Zero Moment of Trust Drives Brand Loyalty

Zero Moment of Trust is a critical factor in earning consumer respect and loyalty via your digital brand presence. Zero Moment of Trust is akin to Zero Moment of Truth (ZMOT), which is Google’s concept related to how consumers retrieve and process information via a digital device and make a purchasing decision therefrom. What trust indicators can you leverage across your Web and mobile brand presence to imbue a sense of trust when consumers interact with your brand? This presentation discusses the key trust indicators that you need to pay attention to when considering how your brand appears to consumers.

Trust indicators in social network marketing

Jeremiah Owyang explains the concepts and value of social networks from a marketing perspective in an easily digestible manner. Yang et al (registration required), Battiston et al, and Hill et al discuss the scientific underpinnings of these topics. Juxtaposing these discussions against one another leads to some interesting insights with respect to social media marketing.

Yang notes that in 1967, Stanley Milgram demonstrated that mutual acquaintances drive social network strength. As Yang elaborates:

“[T]he probability that two of someone’s friends know one another is much greater than than the probability that two people chosen randomly from the population know one another.”

Yang illustrates the concept of this theory by pointing to the success of Hotmail, which grew from 0 to 12 million users in 18 months.

Battiston explores how “trust” factors between actors in a social network affect the dynamics of recommendations in that social network.

“Trust plays a crucial role in the functioning of such socio-economic networks, not only by supporting the security of contracts [sic?] between agents, but also because agents rely on the expertise of other trusted agents in their decision-making.”

What Battiston drives towards is that trust-based modes of recommendation have an inverse relationship to traditional modes of recommendation, which are primarily based on the volume of recommendations as opposed to the value of recommendations. Battiston argues that trust-based (or value-based) recommendations are inherently better at promoting more satisfying results to actors within a social network.

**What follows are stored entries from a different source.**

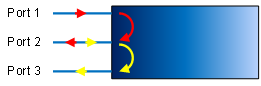 光環(huán)形器的工作原理:將輸入信號從1端口傳輸?shù)?端口,將2端口的輸入信號傳輸?shù)?端口。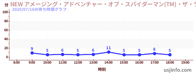 • NEW アメージング・アドベンチャー・オブ・スパイダーマン(TM)・ザ・ライド 4K3D$B$N(B2020年07月16日の待ち時間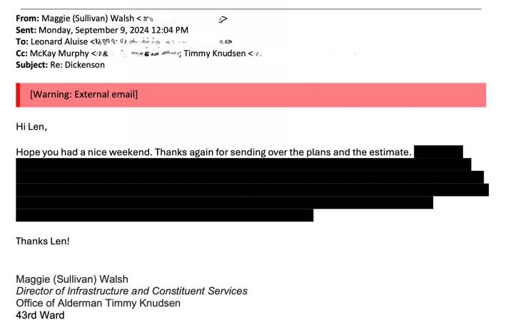 Translation: The FOIA response likely blacked out some of the juicier content in some of these emails, that may have revealed some smoking guns. For example, here’s the September 9 response to Aluise from 43rd Ward Director of Infrastructure and Constituent Services Maggie (Sullivan) Walsh. (I blurred out the email addresses as a courtesy.)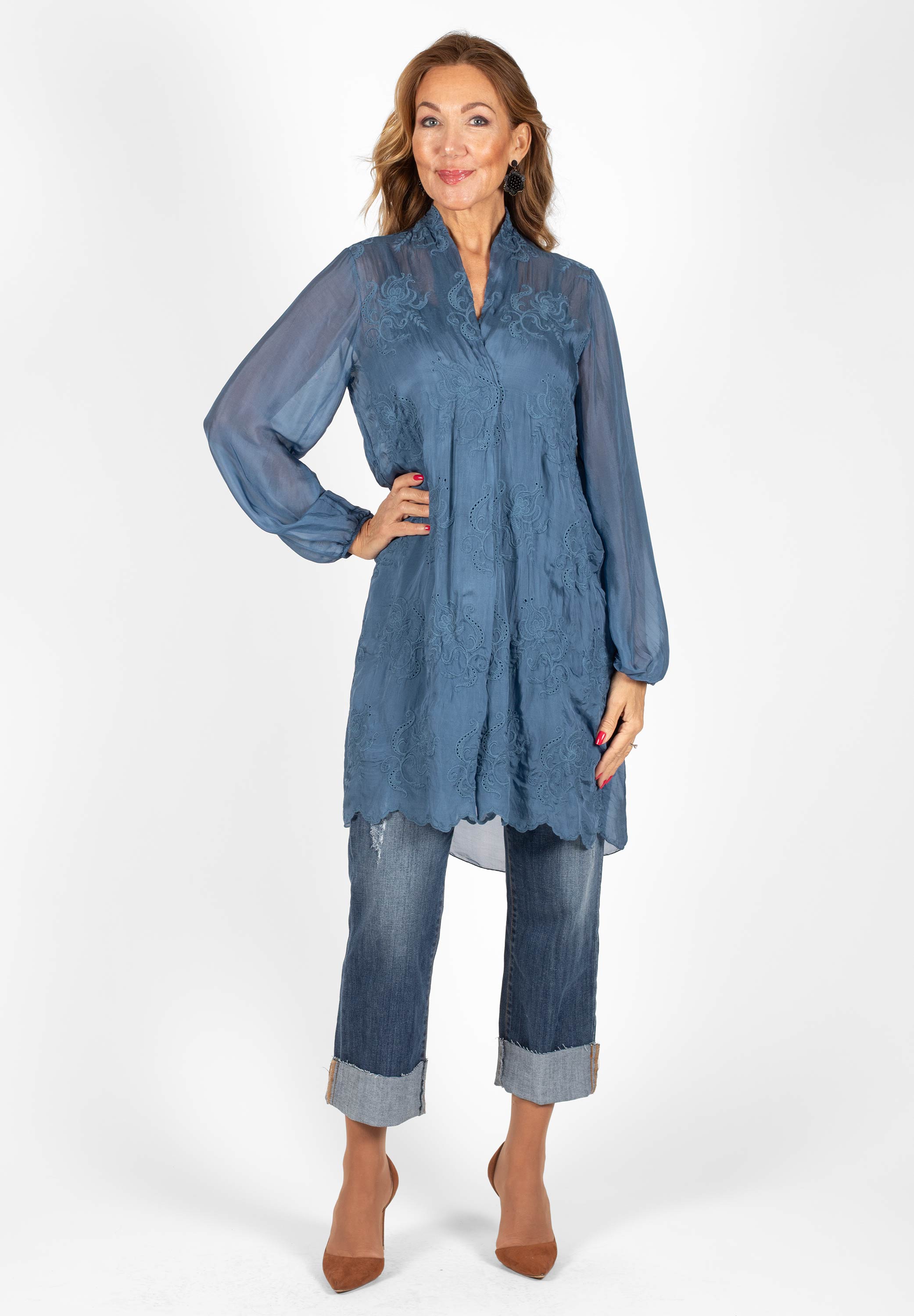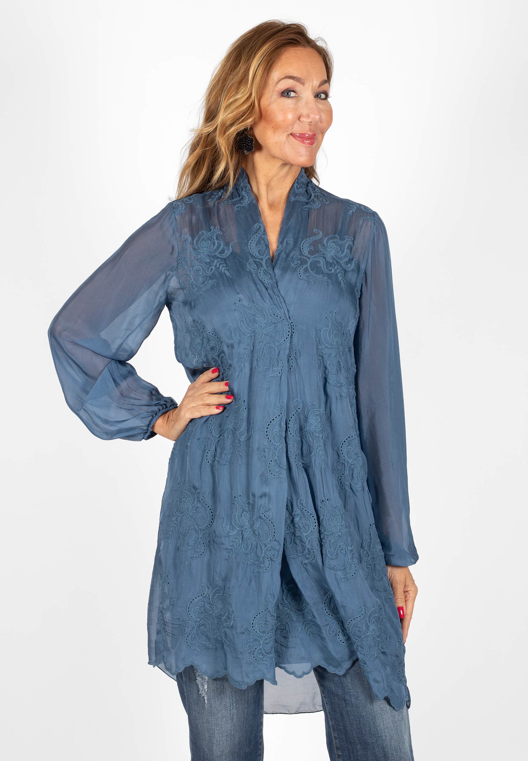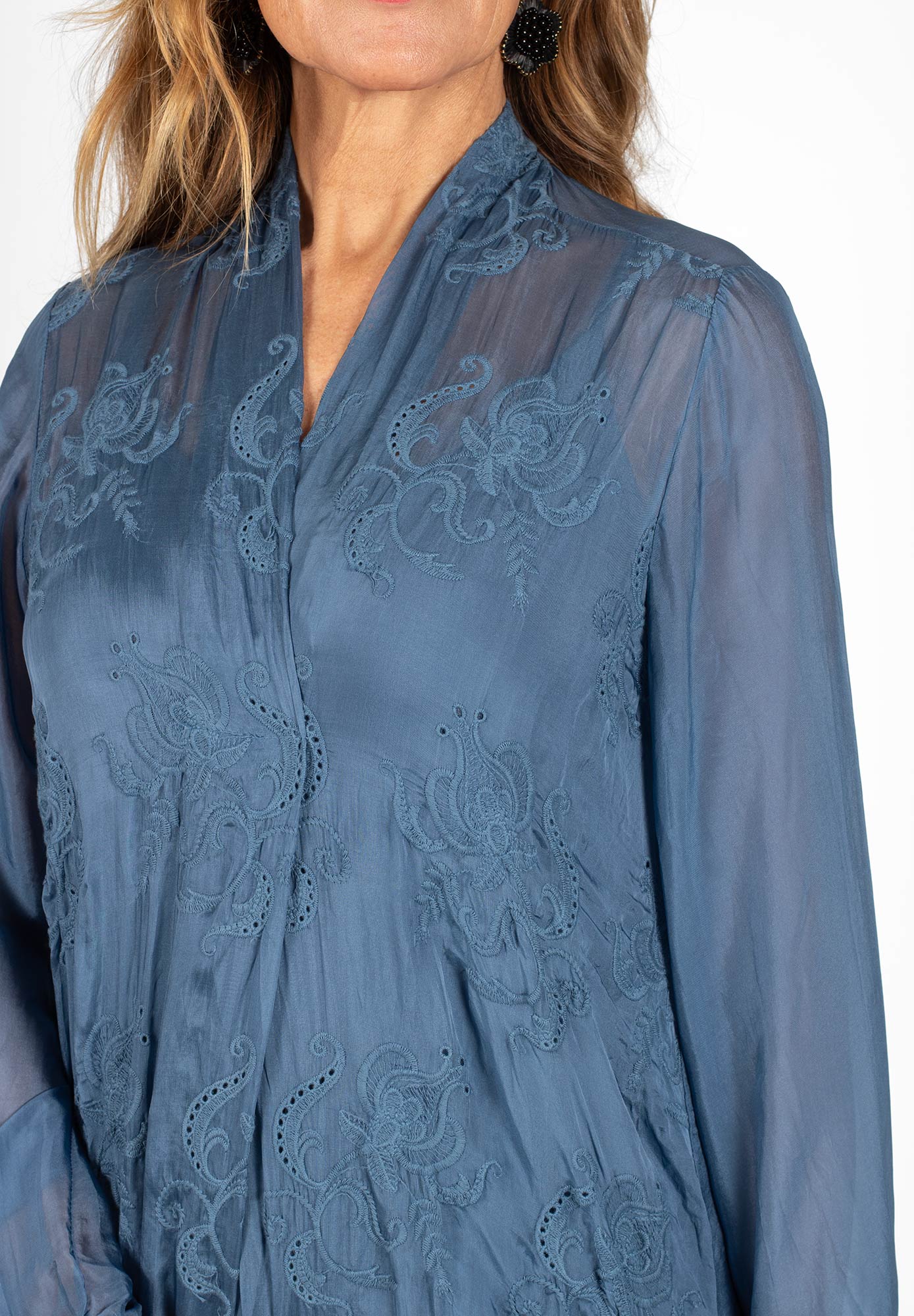 V-ringad tunika med broderade detaljer. Tunikan är lätt transparent och levereras med ett matchande underlinne för en bekväm och täckande passform. Lång ärm med resår i ärmslutet.

This, in turn, promotes the propogation of sub-group cultures to form within the social network. And as non-trustworthy agents drop out of the network (because prior recommendations did not fulfill specific trust elements as dictated by the requesting actor), the sub-group refines itself overtime. As more sub-groups are defined within a social network, “network neighbors” emerge amongst members of these sub-groups, where these network neighbors operate as conduits between different sub-groups.

Yang demonstrates that sub-group performance, in terms of marketing results, out-performs all others (this was measured in terms of traditional transaction response rate metrics).

Accordingly, marketers must seek out sub-group network neighbors. These individuals are the brand influencers and advocates within a social network. Jerimiah Owyang has an excellent post on the visual display of this information. Leverage Software has developed a product which likely can visually display these sub-group cross-over individuals, thus making the selection of influencers and advocates easier. Perhaps these individuals would be great focus group candidates, “real time” collaborators in product development initiatives, etc?